Why No Password Recovery
There’s no “forgot password” link
If you lose your password, we cannot reset it for you. This isn’t a policy choice or a missing feature. It’s architecturally impossible.
Here’s why: Your password never leaves your device. When you sign in, your password derives an encryption key locally (using Argon2id). That key decrypts your data. The server only ever sees encrypted blobs - unreadable gibberish without your key.
We don’t have a copy of your password. We don’t have a copy of your key. We don’t have any way to decrypt your data. By design.
What this means practically
If you lose your password and you don’t have a recovery password set up, your encrypted data is gone. Permanently. No support ticket, no account verification process, no technical backdoor will help. The encryption is real.
This is the same model used by Signal, ProtonMail, 1Password’s secret key, and other tools with genuine end-to-end encryption. If they could recover your data without your password, so could an attacker with access to their servers.
Why this is actually a good thing
Most services can reset your password because they can decrypt your data. That means:
- Employees can access your data (accidentally or intentionally)

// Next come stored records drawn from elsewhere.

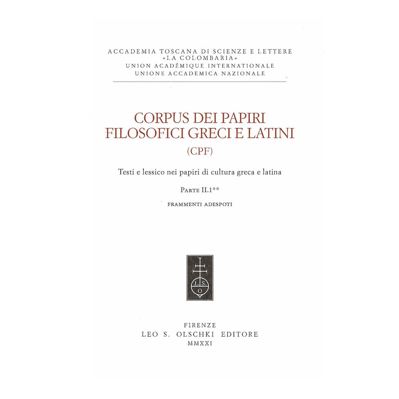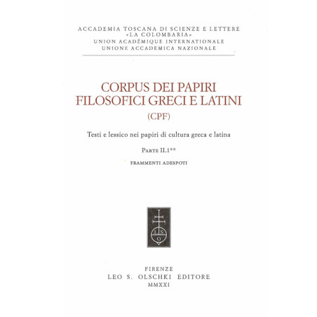 Giunge a compimento, con questo secondo tomo, una delle sezioni più interessanti del CPF, quella dei Frammenti adeposti inziata nel 2019. La distribuzione cronologica dei frammenti si estende dal sec. III a.C. al VI d.C. Sono rappresentate molte scuole filosofiche, dai Socratici agli Stoici e agli Epicurei, dai medioplatonici fino ai neoplatonici cristiani. Vengono offerte edizioni commentate di testi poco noti o oggetto di nuove interpretazioni, insieme alle loro riproduzioni fotografiche.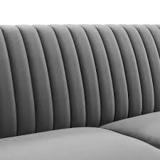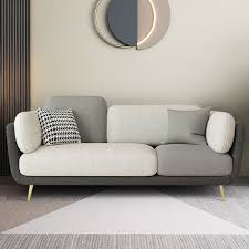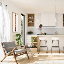 The elegant interior depicted seamlessly blends minimalist charm with cozy sophistication. A monochromatic color palette enhances the room's cohesive feel, anchored by inviting shades of gray on the plush sofa. The textural variety from the throw pillows to the ribbed detail on the sofa adds a tactile dimension, creating an engaging yet tranquil space. The modern kitchen in the backdrop with its clean-lined cabinetry and soft wood tones extends the serene ambiance, while contemporary pendant lighting fixtures add a dash of industrial edge. Natural light floods in through large windows, suggesting an intentional design to bridge indoor comfort with outdoor expansiveness.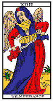 En el Tarot hi ha una carta anomenada "La Temprança" que se sol representar amb una dona que aboca aigua d'un gerro a un altre. Se suposa que un d'ells conté aigua freda i l'altre aigua calenta. M'agrada aquesta carta perquè és molt gràfica.

- Law enforcement can compel them to hand over your data
- A server breach gives attackers access to your data
- You’re trusting them to protect your privacy
With Lithium, none of that is possible. Your data is encrypted with a key derived from your password, on your device. We never see it. We built it this way on purpose.

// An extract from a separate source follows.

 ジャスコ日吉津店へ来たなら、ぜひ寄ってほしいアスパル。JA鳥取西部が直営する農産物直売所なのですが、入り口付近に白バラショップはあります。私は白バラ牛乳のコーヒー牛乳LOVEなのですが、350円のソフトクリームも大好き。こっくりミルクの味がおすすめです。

The tradeoff is honest: genuine privacy means genuine responsibility. You control your data. That includes not losing access to it.
What you should do
Set up a recovery password. This is a backup key that can unlock your data if you forget your main password. It works the same way - derives the same encryption key - but it’s separate.

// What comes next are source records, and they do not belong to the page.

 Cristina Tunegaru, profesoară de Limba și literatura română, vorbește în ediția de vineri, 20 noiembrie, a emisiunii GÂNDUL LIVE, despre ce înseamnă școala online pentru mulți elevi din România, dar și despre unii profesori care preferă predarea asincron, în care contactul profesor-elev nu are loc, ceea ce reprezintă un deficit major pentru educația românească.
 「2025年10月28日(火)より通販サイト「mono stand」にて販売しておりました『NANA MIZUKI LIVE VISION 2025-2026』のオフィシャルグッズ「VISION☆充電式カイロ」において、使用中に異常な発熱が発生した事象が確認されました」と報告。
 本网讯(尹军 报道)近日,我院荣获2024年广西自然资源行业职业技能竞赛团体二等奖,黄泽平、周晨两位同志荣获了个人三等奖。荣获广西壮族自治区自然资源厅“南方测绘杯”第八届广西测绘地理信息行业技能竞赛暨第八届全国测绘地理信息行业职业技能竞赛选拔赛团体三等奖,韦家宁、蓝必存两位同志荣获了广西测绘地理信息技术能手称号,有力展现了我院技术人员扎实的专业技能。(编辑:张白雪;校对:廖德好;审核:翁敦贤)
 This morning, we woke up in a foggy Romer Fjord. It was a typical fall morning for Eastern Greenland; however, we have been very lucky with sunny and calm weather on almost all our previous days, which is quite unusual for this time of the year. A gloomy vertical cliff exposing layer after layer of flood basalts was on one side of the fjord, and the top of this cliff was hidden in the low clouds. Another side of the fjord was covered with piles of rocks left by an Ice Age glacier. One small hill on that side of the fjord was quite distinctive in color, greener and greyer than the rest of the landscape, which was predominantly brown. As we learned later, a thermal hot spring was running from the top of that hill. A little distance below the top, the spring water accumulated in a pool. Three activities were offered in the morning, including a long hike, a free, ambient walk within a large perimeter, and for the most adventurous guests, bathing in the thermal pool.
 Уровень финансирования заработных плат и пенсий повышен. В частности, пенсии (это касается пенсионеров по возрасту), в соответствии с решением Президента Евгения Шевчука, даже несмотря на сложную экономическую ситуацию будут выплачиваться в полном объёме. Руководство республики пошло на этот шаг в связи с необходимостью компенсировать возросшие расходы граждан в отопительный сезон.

See Recovery Password for how to set one up and where to store it.
Also consider using a password manager. They’re designed for this. 1Password, Bitwarden, and others have solved the “remember one strong password” problem.
The technical reason (if you’re curious)
Your password goes through Argon2id key derivation (~500ms, deliberately slow to resist brute force) to produce a master key. That master key decrypts your encryption key, which decrypts all your content.
The server only stores:
- Your encrypted encryption key (wrapped with your master key)
- The salt used for key derivation
- An auth hash (one-way hash of your master key, used to verify you during login)
None of those can be reversed to get your password or decrypt your data. The math only works one way: password → keys → decryption. Not backwards.
If you lose your password, the server can’t help because it never had the ability to decrypt your data in the first place.